WORK TASK:
Task for the records below: please retype exactly and only the lines from the first through the one with "This Stainless Steel", with every picture omitted.

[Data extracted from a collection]

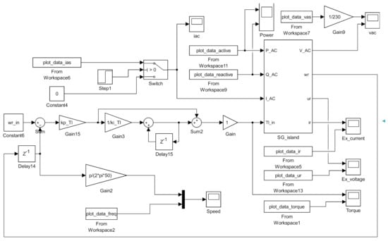 , a simple prime mover PI regulator was used. The output frequency of the model is dependent on the regulator parameters, the electromagnetic torque calculated based on (
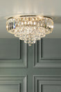 The Laura Ashley Vienna 3-light flush ceiling light brings glamorous elegance with its sophisticated antique brass finish paired with stunning bevelled glass coffin crystal rods and glittering fountain of square-cut faceted glass droplets. Featuring classic styling with luxurious crystal detailing, this elegant three-light flush creates warm, sparkling illumination perfect for bedrooms, hallways, and low-ceiling spaces, combining old-world glamour with functional lighting that adds refined character and welcoming atmosphere to traditional and contemporary interiors.
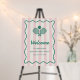 Throw a birthday party by the pickleball court with this preppy pickleball bachelorette party welcome sign. It features a light pink striped background, a curvy, wavy green frame, and an illustration of two pickleball paddles.
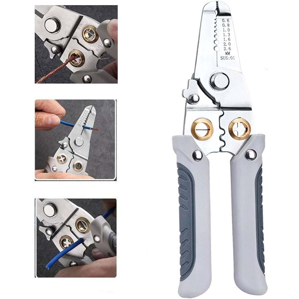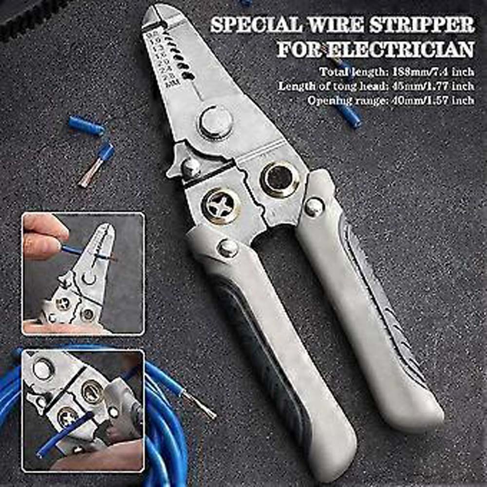 This Stainless Steel Wire Stripper Tool is suitable for stripping, cutting off, crimping insulated terminals of copper wire, aluminum wire, cable, stranded sheathed wire, and bare terminals.
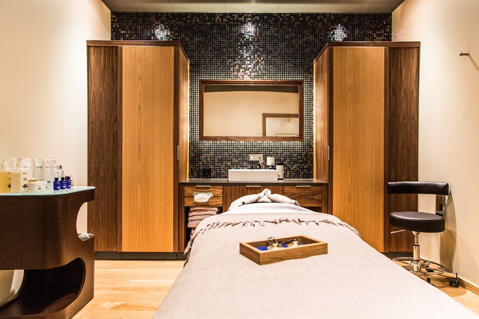 Innredning ble levert i en kombinasjon av eik finer og amr. valnøtt finer. Speilramme i valnøtt heltre. Alt i mattlakkert utførelse. Benkeplate i type Silestone. Dette er en plate som består av 94% naturlig kvarts og den har bakteriostatisk beskyttelse.
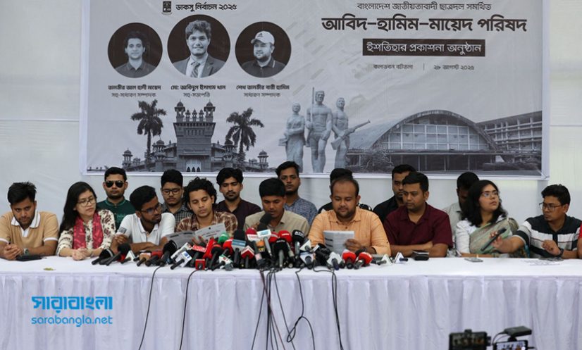 বৃহস্পতিবার (২৮ আগস্ট) বিশ্ববিদ্যালয় ক্যাম্পাসে আয়োজিত এক সংবাদ সম্মেলনে এ ইশতেহার ঘোষণা করা হয়। সংবাদ সম্মেলনে ইশতেহার পাঠ করেন ভিপিপ্রার্থী আবিদুল ইসলাম খান। জাতীয়তাবাদী ছাত্রদলের কেন্দ্রীয় ছাত্রদল সভাপতি ও সাধারণ সম্পাদক এ সময় উপস্থিত ছিলেন।
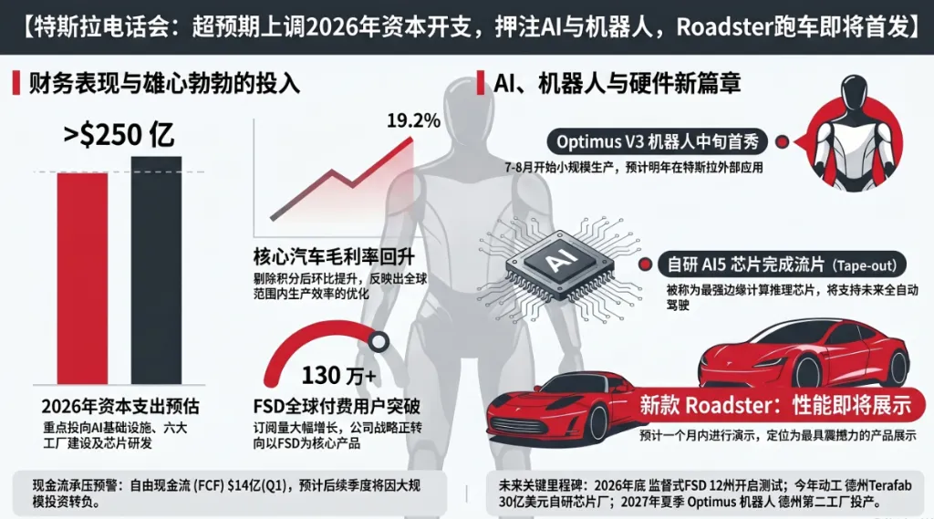 资本支出创纪录:2026年全年资本支出预计超过250亿美元,投入方向涵盖六座工厂建设、AI基础设施、Robotaxi网络扩张、Optimus产线搭建,以及德州研究级芯片制造厂(预算约30亿美元)。
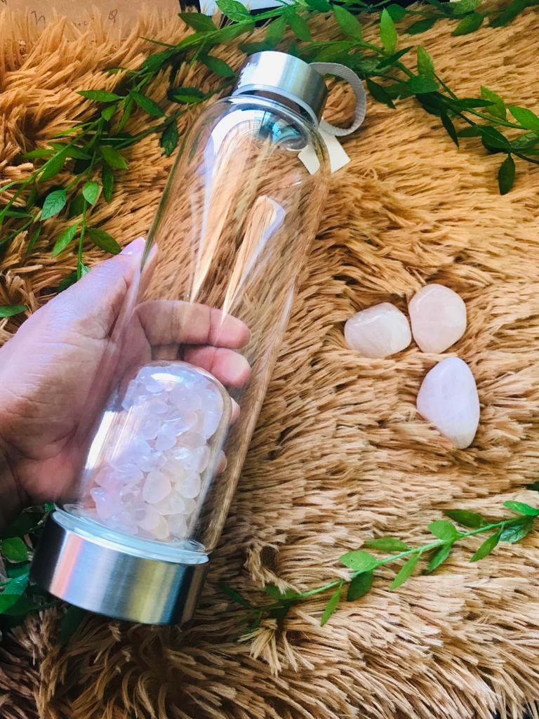 Garrafa de Agua com Cristal + Capa - (Quartzo Rosa - Roladas)
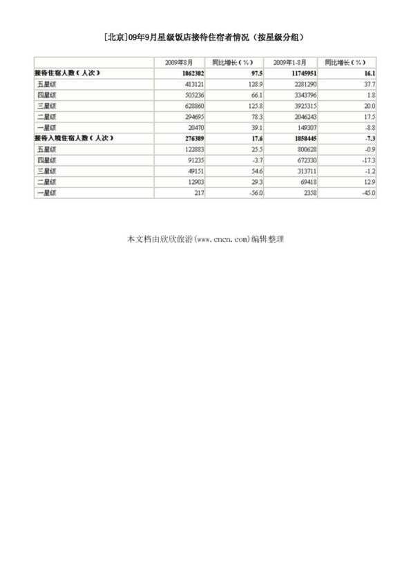 [北京]09年9月星級飯店接待住宿者情況(按星級分組)
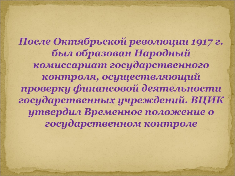 Слайд 14После Октябрьской революции 1917 г. был образован Народный комиссариат государственного контроля,
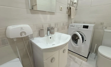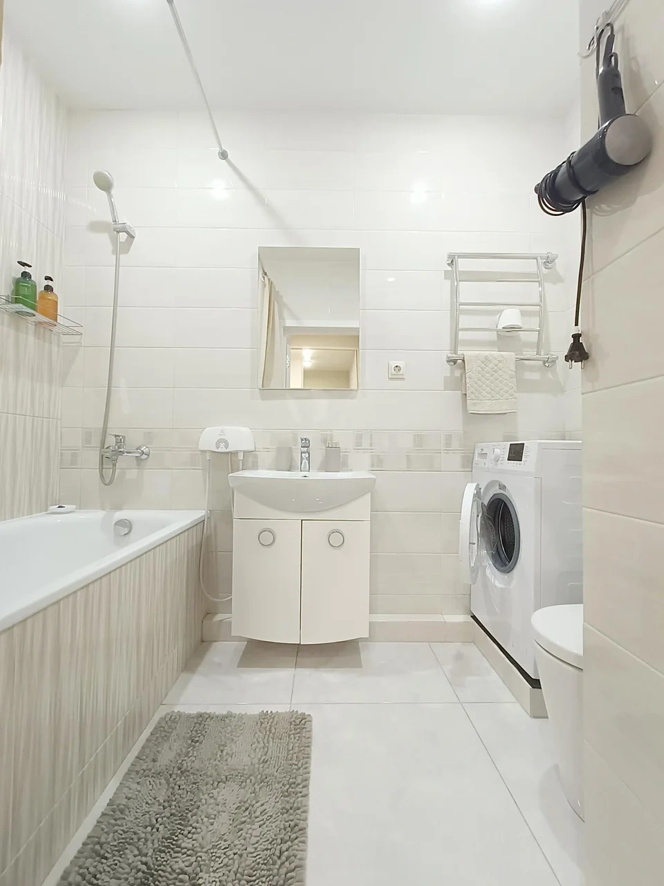 Совместный санузел, стиральная машина, фен. Ванные принадлежности (шампунь, гель для душа, мыло, полотенца);
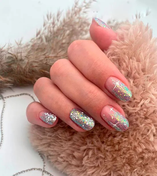 Манікюр із сріблястими блискітками та сніжинками на овальних нігтях

COMPLETED TASK:
 , a simple prime mover PI regulator was used. The output frequency of the model is dependent on the regulator parameters, the electromagnetic torque calculated based on (
 The Laura Ashley Vienna 3-light flush ceiling light brings glamorous elegance with its sophisticated antique brass finish paired with stunning bevelled glass coffin crystal rods and glittering fountain of square-cut faceted glass droplets. Featuring classic styling with luxurious crystal detailing, this elegant three-light flush creates warm, sparkling illumination perfect for bedrooms, hallways, and low-ceiling spaces, combining old-world glamour with functional lighting that adds refined character and welcoming atmosphere to traditional and contemporary interiors.
 Throw a birthday party by the pickleball court with this preppy pickleball bachelorette party welcome sign. It features a light pink striped background, a curvy, wavy green frame, and an illustration of two pickleball paddles.
 This Stainless Steel Wire Stripper Tool is suitable for stripping, cutting off, crimping insulated terminals of copper wire, aluminum wire, cable, stranded sheathed wire, and bare terminals.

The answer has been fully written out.